虚空が住むのは都からは離れた住人が70にも満たない小さな村である。元々定住をせず放浪し続けていた虚空だったがとある事情で5年ほど前からその村の厄介になっていた。普段はその村や周りの村からの要請で妖怪や邪神などの討伐を請け負っている。
長き歴史の中でも地上に生まれた者達と敵対するように妖怪は生まれていた。
反存在。
歴史を見てきた虚空は妖怪をそう捉える様になった。妖怪は穢れではなく何かが生まれると同時に発生する陰のような者だと。
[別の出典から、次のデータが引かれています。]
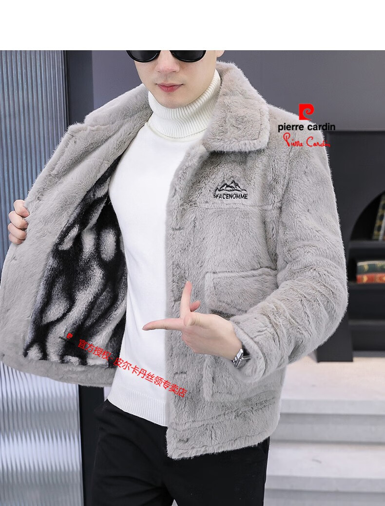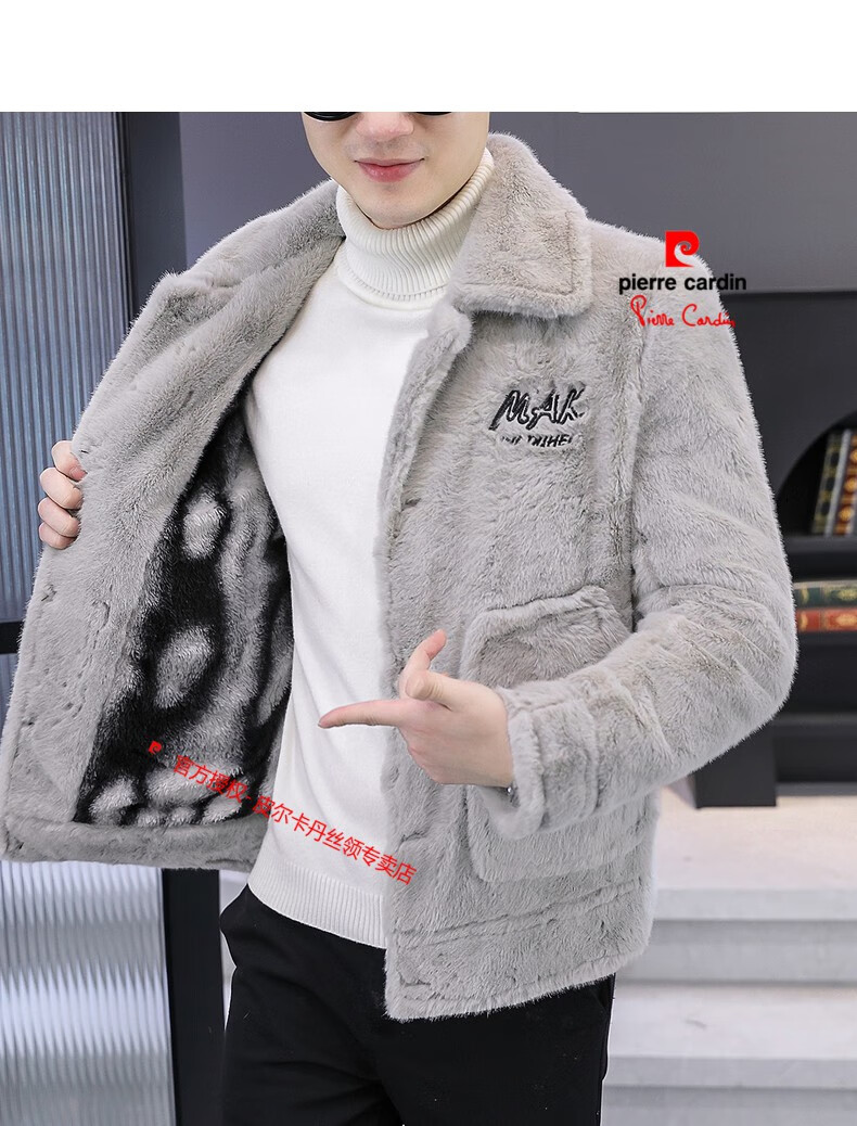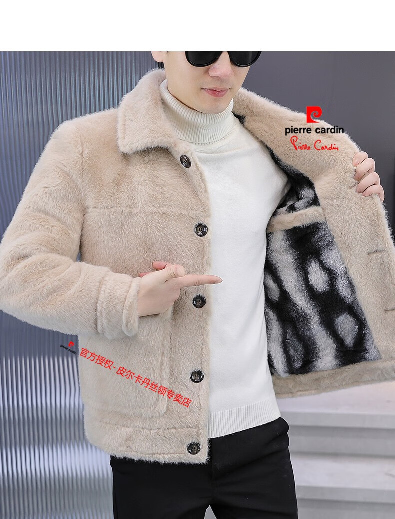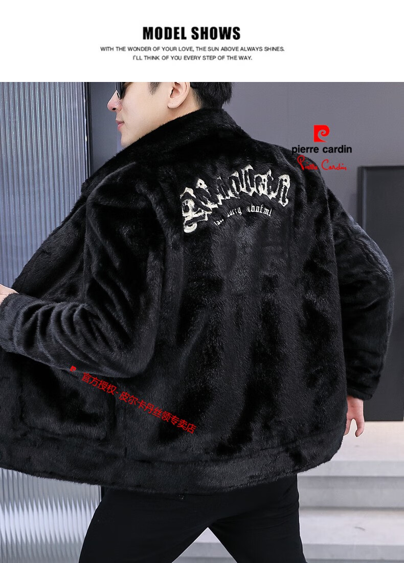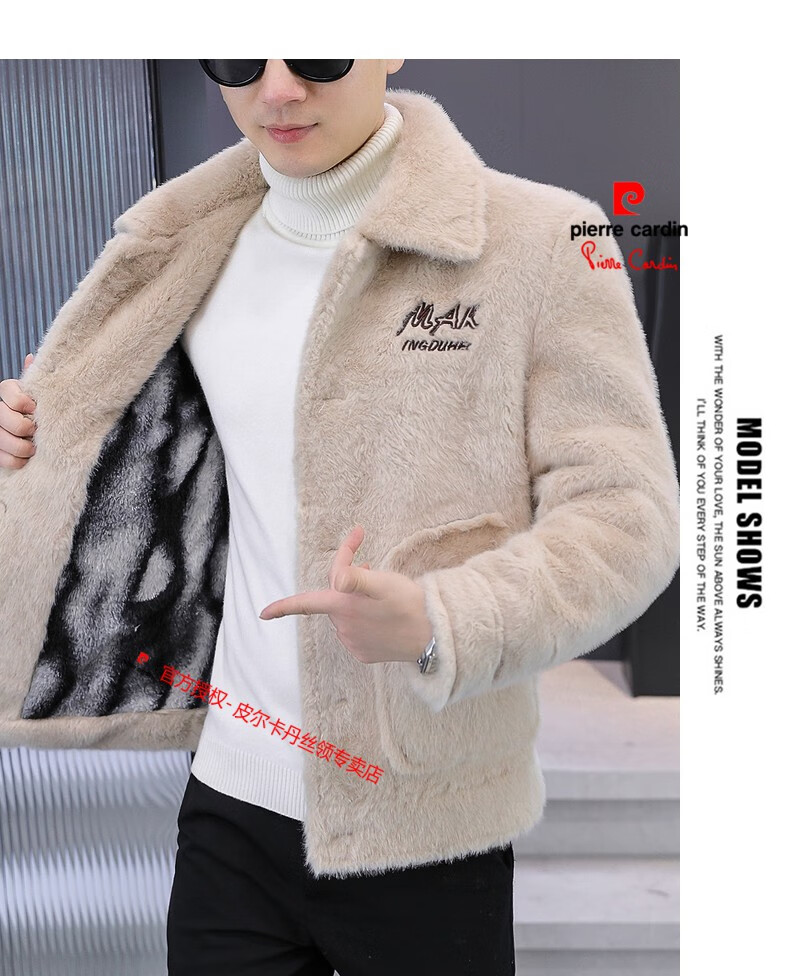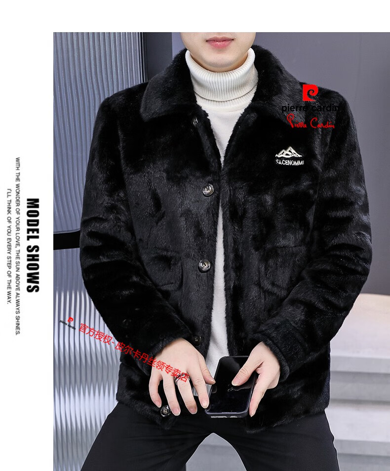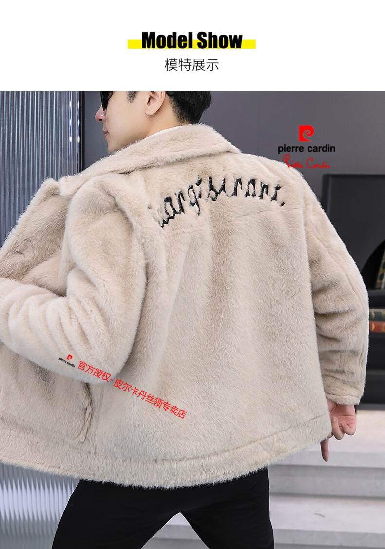 Pierre Cardin Autumn and Winter Men's Mink Short Jacket Plus Velvet Thickened Warm Lapel Mink Jacket 612 Brown 3XL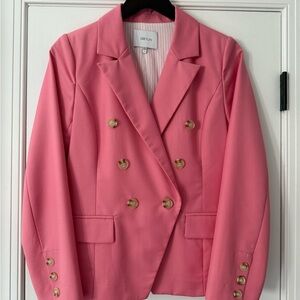 NWOT Great quality stylish pink blazer from Greylin with tortoise buttons. Pink and white stripe lining Perfect for a polished look. Great with denim! No rips tears or marks. Never worn! From a smoke-free home.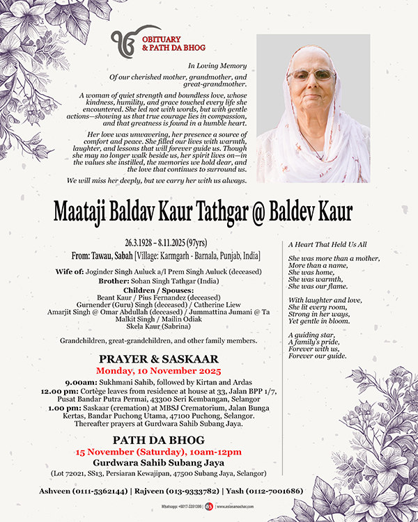 ASIA SAMACHAR is an online newspaper for Sikhs / Punjabis in Southeast Asia and beyond. You can leave your comments at our website, Facebook, Twitter, and Instagram. We will delete comments we deem offensive or potentially libelous. You can reach us via WhatsApp +6017-335-1399 or email: asia.samachar@gmail.com. For obituary announcements, click here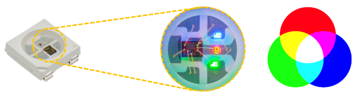 네오픽셀은 각각의 내부에 R,G,B LED가 들어있어 이 LED색의 조합에 따라 다양한 색을 연출할 수 있도록 되어있습니다.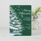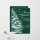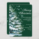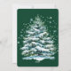 Une belle aquarelle, un arbre à feuillage persistant enneigé, glacé d'aqua et turquoise et entouré de flocons de neige volants couvre un côté de cette carte de vacances vert de forêt profonde. "Joyeux Noël" dans un script élégant surplombe la carte de voeux, suivi d'un accueil saisonnier personnalisé. "Meilleurs voeux de" et votre nom de famille personnalisé et date dans une jolie police serif. Tout le texte est en blanc pur pour correspondre à la neige sur les branches du joli aquarelle. L'arbre, en pleine gloire, centre la carte qui est aussi dans le vert de la forêt profonde. Chaque ligne et mot peut être édité pour votre salutation de vacances personnelle.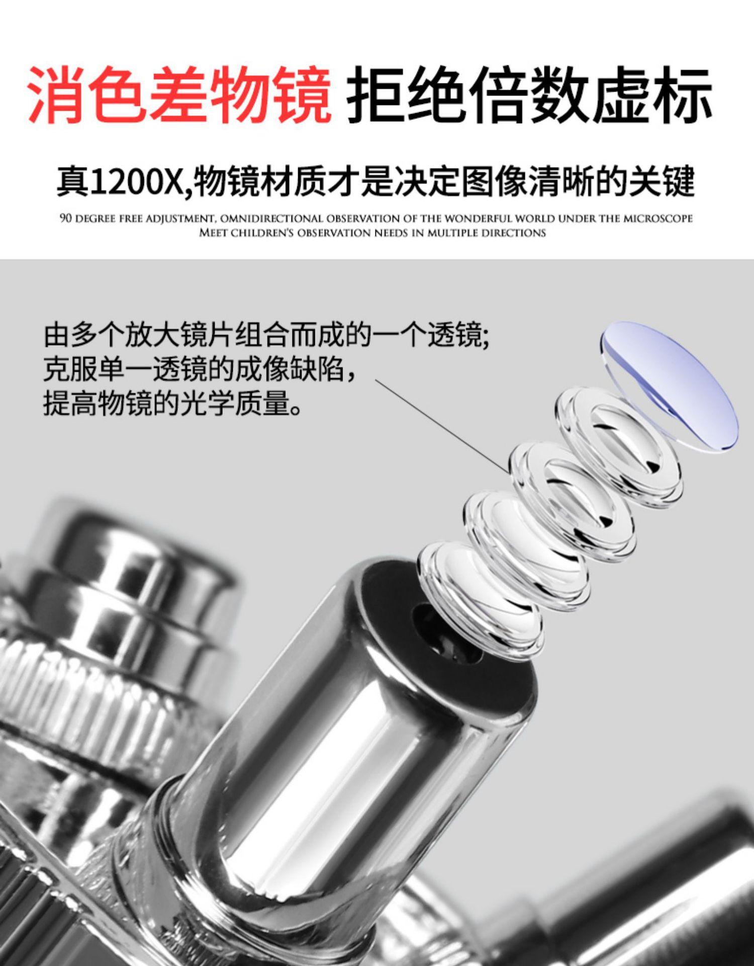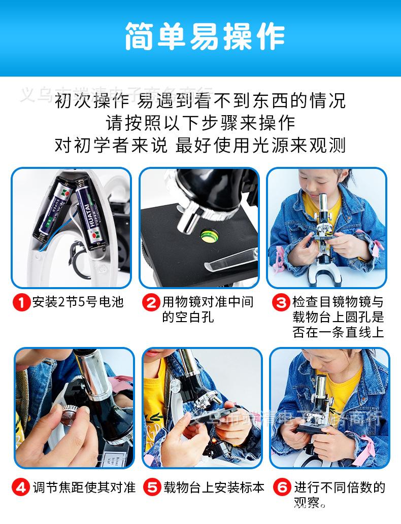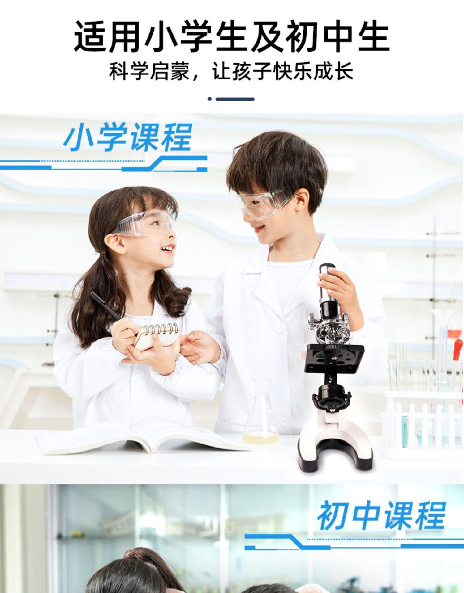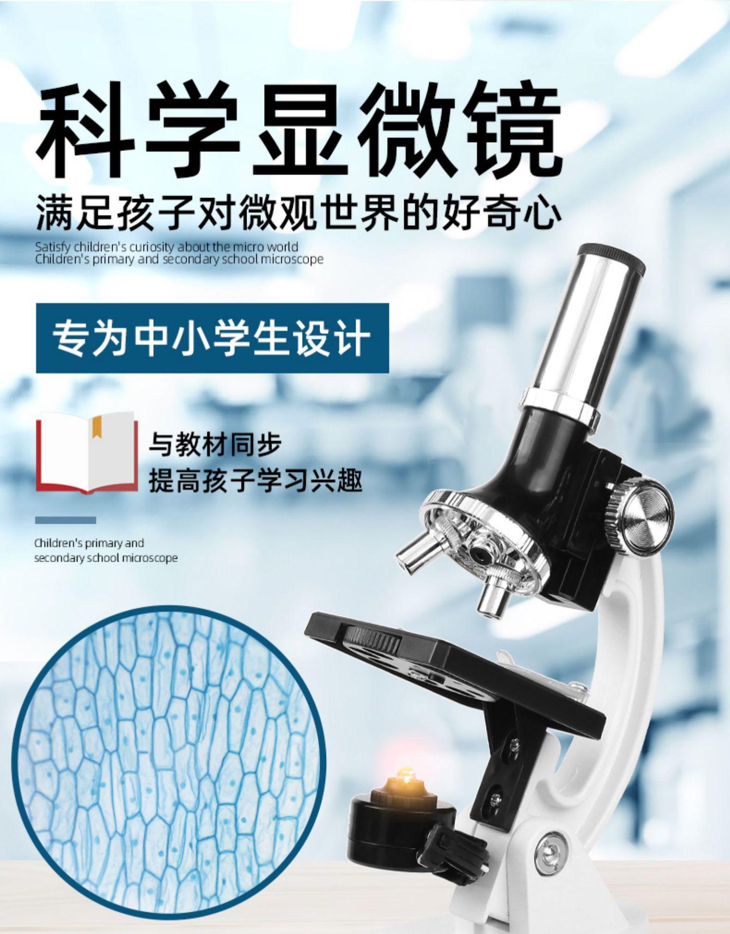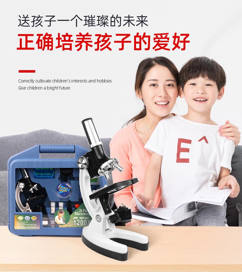 Venta al por mayor de fábrica HD 1200 veces con fuente de luz microscopio de metal para niños experimento científico para estudiantes zootecnia productos acuáticos
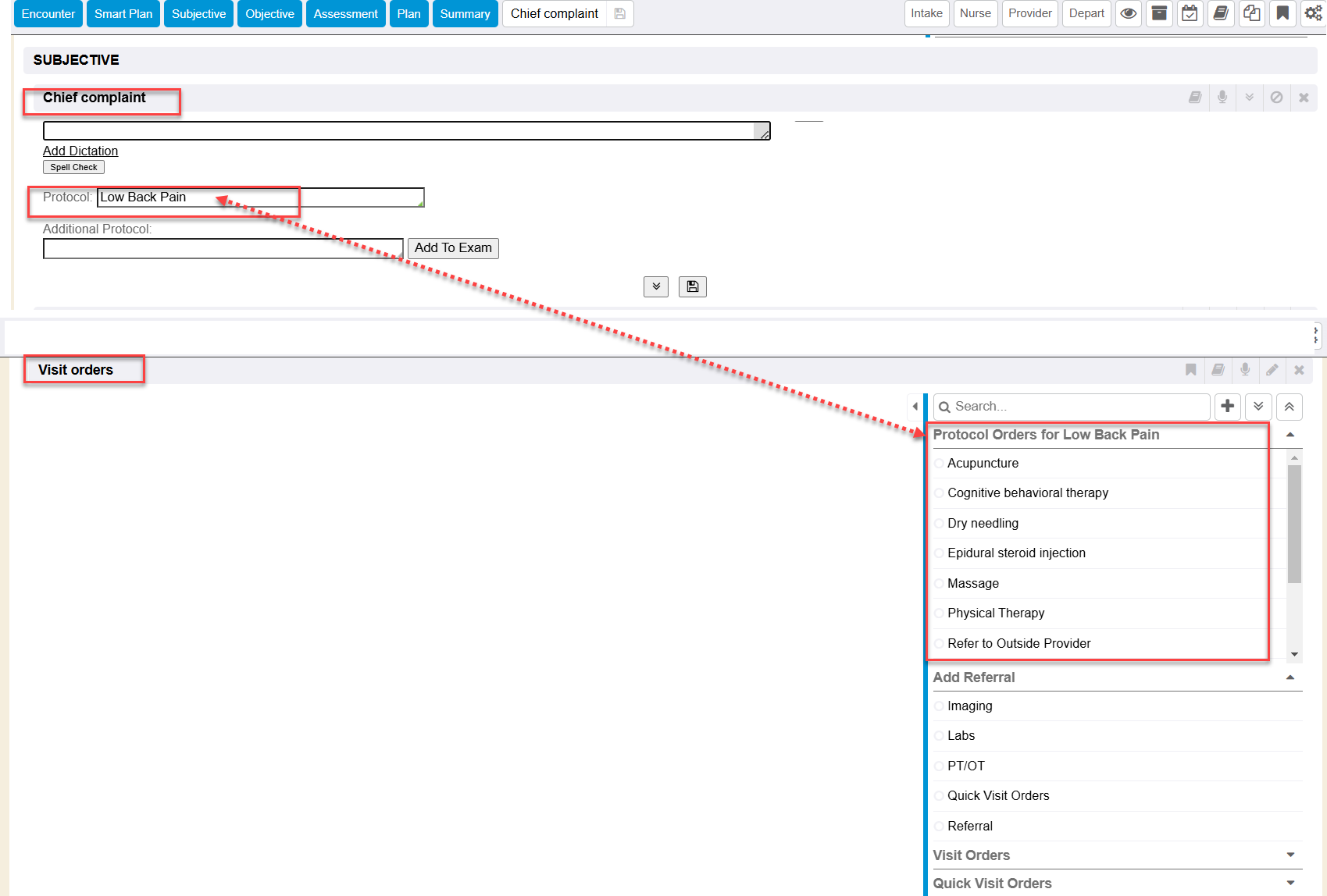 Doing that programming will then make Protocol Order selections appear in the Visit Orders section (expanded method or right side quicklist method) for the matching protocol preselected up in Chief Complaint of the encounter.
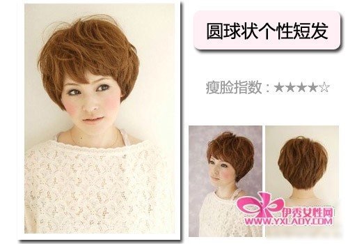 发型诠释:圆形弧度的短发发型,超短且随便摆放的刘海露出眉毛,使眉骨和鼻梁的轮廓更突出,脸部显得立体、精致。脸庞其余较短的发丝可以很好的修饰脸型,有种慵懒的性感,增添小女人味。
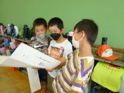 自分で調べた遊びを「遊びのとびら」に書いて交流しています。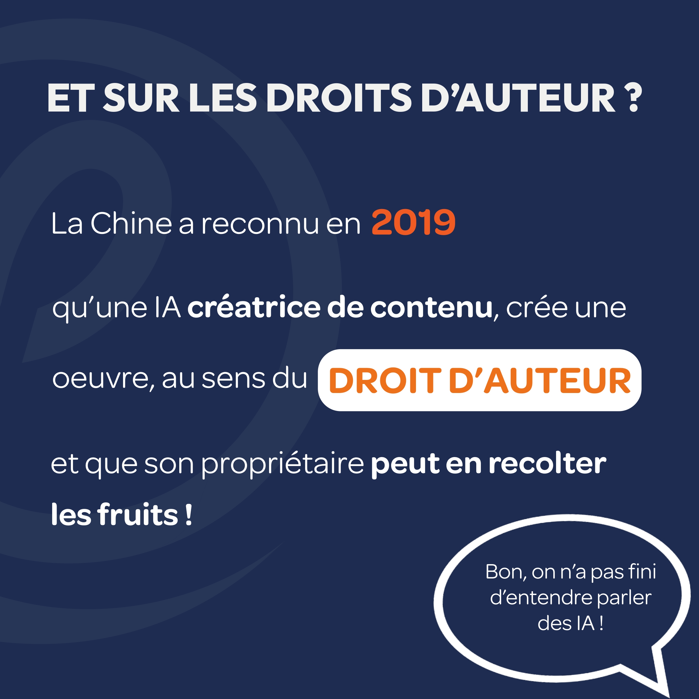 - JL : sur le terrain des Droits d’auteur, la Chine a reconnu en 2019 qu’une IA créatrice de contenus créé une œuvre au sens du Droit d’auteur et que son « propriétaire » peut en récolter les fruits, juste en la laissant travailler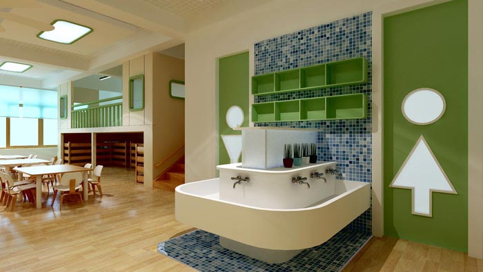 洗手區(qū)域的設(shè)計(jì):此處通往的是就餐區(qū),在洗手池的設(shè)計(jì)上,設(shè)計(jì)師對(duì)地面、洗手池都做了處理,目的就是為了避免因?yàn)樗斐傻牡孛鏉窕?,兩個(gè)門(mén)一個(gè)進(jìn)一個(gè)出,設(shè)計(jì)是希望可以從小培養(yǎng)孩子排隊(duì)的意識(shí),一進(jìn)一出之間也見(jiàn)證了教育的重要性。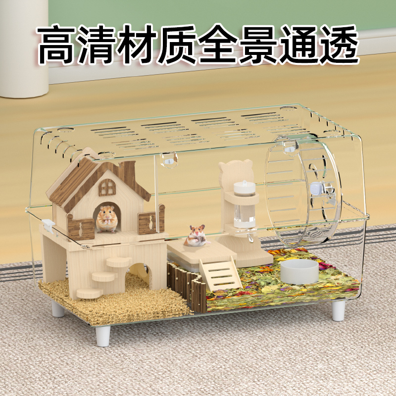 洁西仓鼠金丝熊水晶笼高透造景透明亚克力专用超大便宜50豪华别墅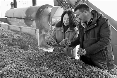 福建省连江县长龙镇一家制茶企业负责人在查看待加工的茶青(3月28日摄)。

まぁあくまでこれは虚空の推測だ。彼は学者でも科学者でもない。実際存在の神秘にはほとんど興味など持っていなかった。
幾つかの生命の歴史が繰り返され、今の世界になった時から今まで無かった変化が起きた。妖怪とは違う超常の発生。何時ごろからか人々から『神』と呼ばれる者。妖怪とは違い人間側に属する存在。人々の願いや祈りによって生まれる者。そんな存在が生まれた為か妖怪にも変化が起こっていた。
人を害さない妖怪の出現。人に友好的で共に生活をする者もいる。これだけ見ればこの世界は途轍もなく平和だろう。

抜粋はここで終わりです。